Instructions for the use of herbal cough lozenges Doctor MOM ®

Ointment Doctor MOM ® Fito helps to cope with headaches, nasal congestion, runny nose, muscle and joint pain, as well as other symptoms of the flu and colds. The preparation contains four essential oils. The ointment is suitable for children from 3 years of age and adults.

Instructions for the use of the ointment Doctor IOM ® Phyto

Features of application

According to the instructions for the use of drugs from the Doctor IOM ® line, the funds are taken internally (syrup, lozenges) or externally (ointment).

It is recommended to dissolve pastilles one piece every two hours. The maximum daily dose is ten lozenges.

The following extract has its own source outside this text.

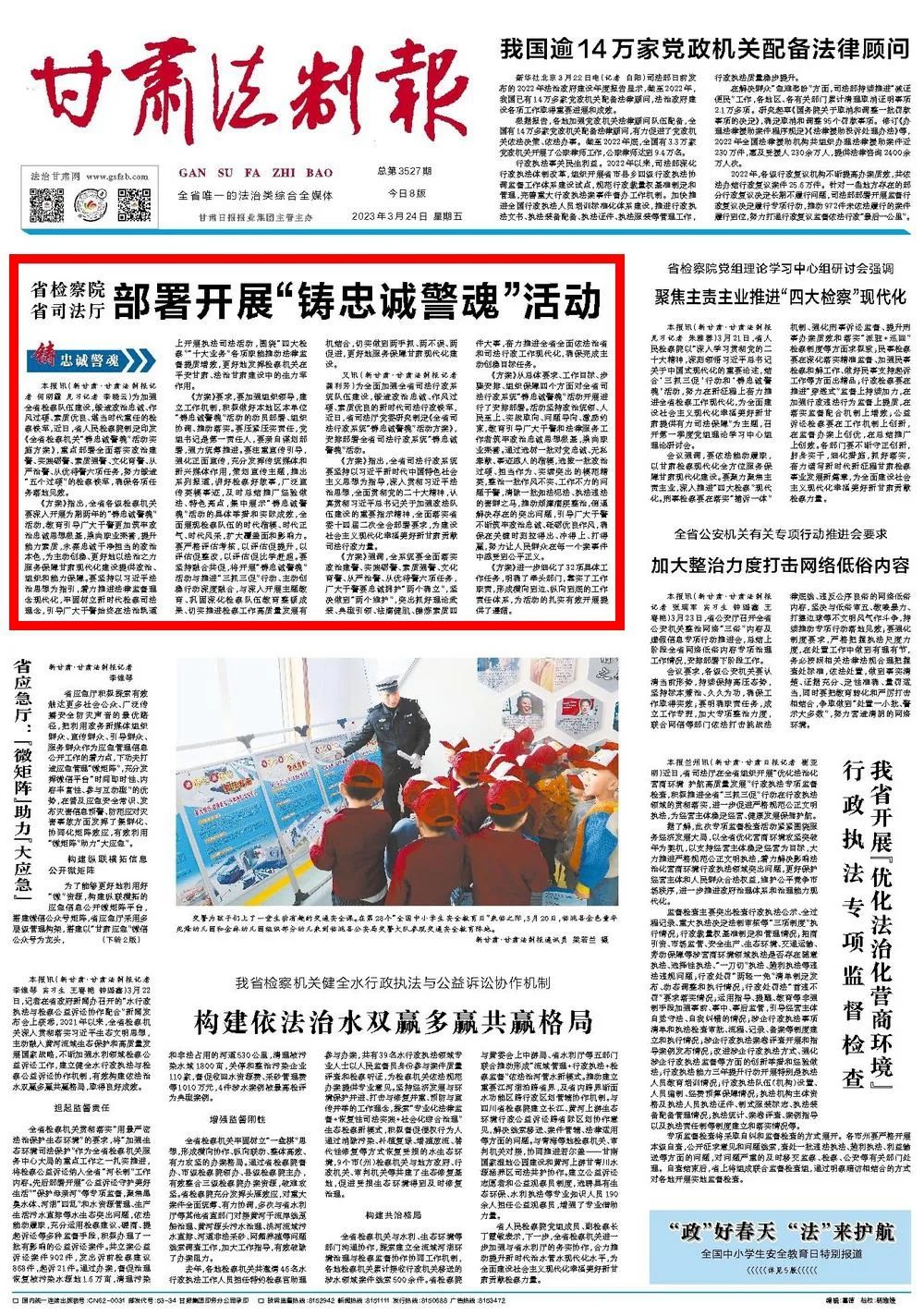 2023年3月24日,甘肃法制报头版刊发《澳门彩

Method of application syrup : kids 3-6 years old – 2.5 ml three times a day, children 6-14 years old – 2.5-5 ml three times a day; from 14 years old – 5-10 ml three times a day. The course of therapy is 2-3 weeks.

Ointment is applied to the temples for headache, for nasal congestion and a runny nose – on the wings of the nose, for pain in the back and muscles – on the disturbing area 2 .More information can be found in the instructions * Dr. IOM ® .

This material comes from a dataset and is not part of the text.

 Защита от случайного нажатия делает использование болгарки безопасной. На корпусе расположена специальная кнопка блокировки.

1 Simple syrup – licorice syrup. The pronounced effect of Dr. IOM ® syrup was noted three times more often than when using licorice syrup. (Herbal cough syrup Dr. IOM ® in the complex therapy of acute respiratory infections in children. I. N. Zakharova, A. L. Zaplatnikov, E. M. Ovsyannikova, A. V. Suzdalenkov, V. A. Ivanov.Journal “Consilium Medicum”, Pediatrics, No. 2, 2004.).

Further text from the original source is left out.